:: TASK DETAILS ::
Here the job is to print only the lines from the one containing "iRestore Red Light" to the end of the entries, both included, exactly as they stand, with pictures excluded.

-- DATA follows --

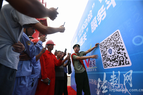 ????8月18日,江蘇邊防總隊鹽城邊防檢查站在大豐港集裝箱碼頭開展了“江蘇邊檢”微信公眾號推廣活動,演示“V通關(guān)”服務(wù)流程,解答服務(wù)對象提問。
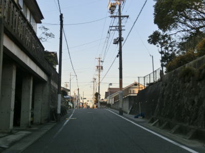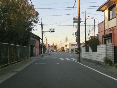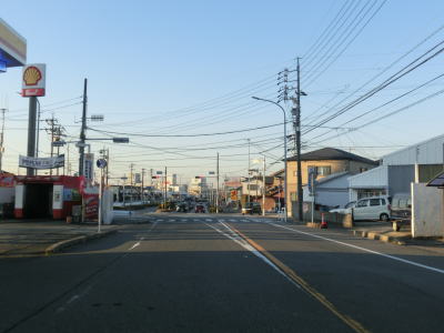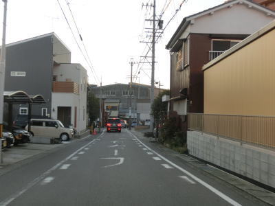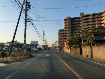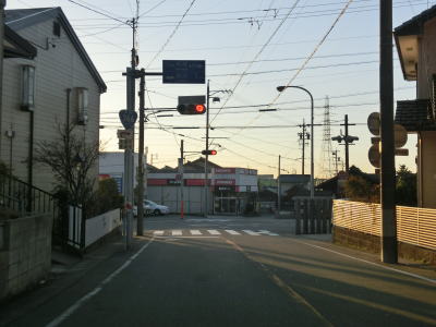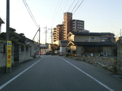 | 下りになってすぐに信号機のない市道との十字路を通過するが、ここから先は南向きの一方通行区間である。一方通行の規制標識が確認できないが、制限速度と駐車禁止の標識の後ろに隠れて見えないだけである。その制限速度と駐車禁止標識の支柱には「この道路は一方通行です」と書かれた看板が立てかけられている。 一方通行区間と言っても比較的道幅に余裕はあり、乗用車同士であれば離合できなくはない。そのまま進んで行くと道幅が若干狭くなり、右カーブを通過した先で愛知r260との亀崎相生交差点に至る。一方通行区間はこの亀崎相生交差点までである。この一方通行区間の交通量は少なくないが、左折の市道へ進んですぐにR247に出るため左折する車両が大半である。 |
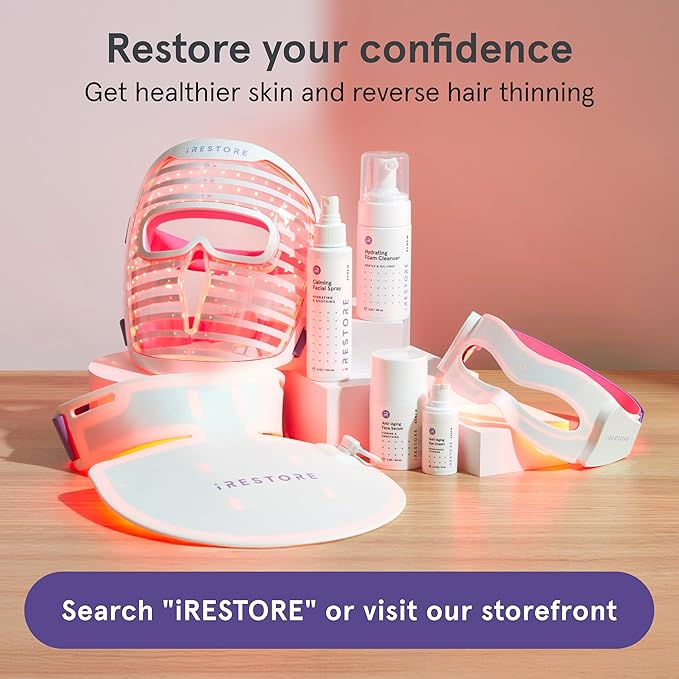 iRestore Red Light Therapy for Eyes – 180 LEDs Eye Mask with Infrared Light for Under-Eye Wrinkles, Forehead Lines, 11's, Crow’s Feet, Dark Circles – Enhances Results of Eye Cream, Lash & Brow Serums
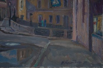Весна.Мойка. Б. Конюшенный мост. 1988г. Холст, масло. 50х70
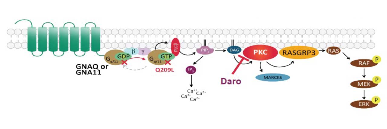 Figure 4. Darovasertib is an investigational selective inhibitor of protein kinase C, which blocks mutations in GNAQ/GNA11, a genetic driver of uveal melanoma. Used with permission from Ideaya Biosciences.

-- DATA concluded --

:: PROBLEM SOLUTION ::
 iRestore Red Light Therapy for Eyes – 180 LEDs Eye Mask with Infrared Light for Under-Eye Wrinkles, Forehead Lines, 11's, Crow’s Feet, Dark Circles – Enhances Results of Eye Cream, Lash & Brow Serums
Весна.Мойка. Б. Конюшенный мост. 1988г. Холст, масло. 50х70
 Figure 4. Darovasertib is an investigational selective inhibitor of protein kinase C, which blocks mutations in GNAQ/GNA11, a genetic driver of uveal melanoma. Used with permission from Ideaya Biosciences.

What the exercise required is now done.